Material for this task ->
*** Begin section ***

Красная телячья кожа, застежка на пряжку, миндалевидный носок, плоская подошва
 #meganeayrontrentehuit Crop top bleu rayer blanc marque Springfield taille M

*** End section ***
*** Begin section ***

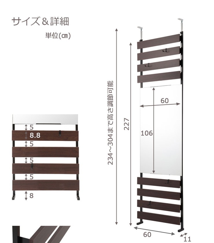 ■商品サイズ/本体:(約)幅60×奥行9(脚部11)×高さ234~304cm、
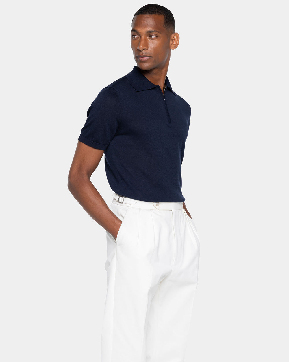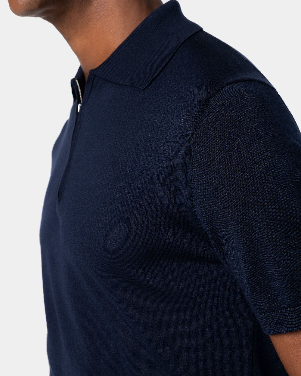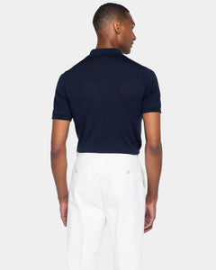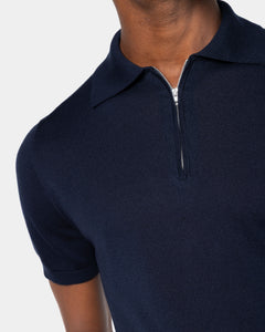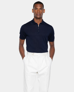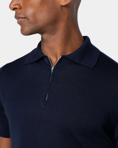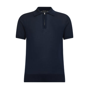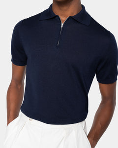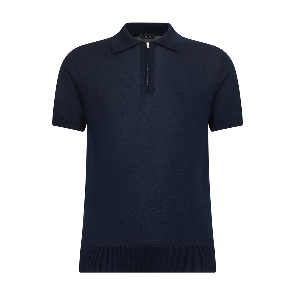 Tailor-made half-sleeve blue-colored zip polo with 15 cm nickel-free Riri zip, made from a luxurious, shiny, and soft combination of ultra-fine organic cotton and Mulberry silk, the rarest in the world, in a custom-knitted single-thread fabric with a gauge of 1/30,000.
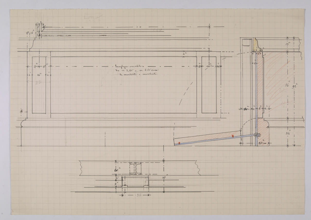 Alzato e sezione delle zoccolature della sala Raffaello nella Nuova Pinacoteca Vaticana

*** End section ***

Task requirements ->
Above are the records; print exactly the lines from the line with "Красная телячья кожа, застежка" to the line with "#meganeayrontrentehuit Crop top", including both, and nothing else.

Task output ->
Красная телячья кожа, застежка на пряжку, миндалевидный носок, плоская подошва
 #meganeayrontrentehuit Crop top bleu rayer blanc marque Springfield taille M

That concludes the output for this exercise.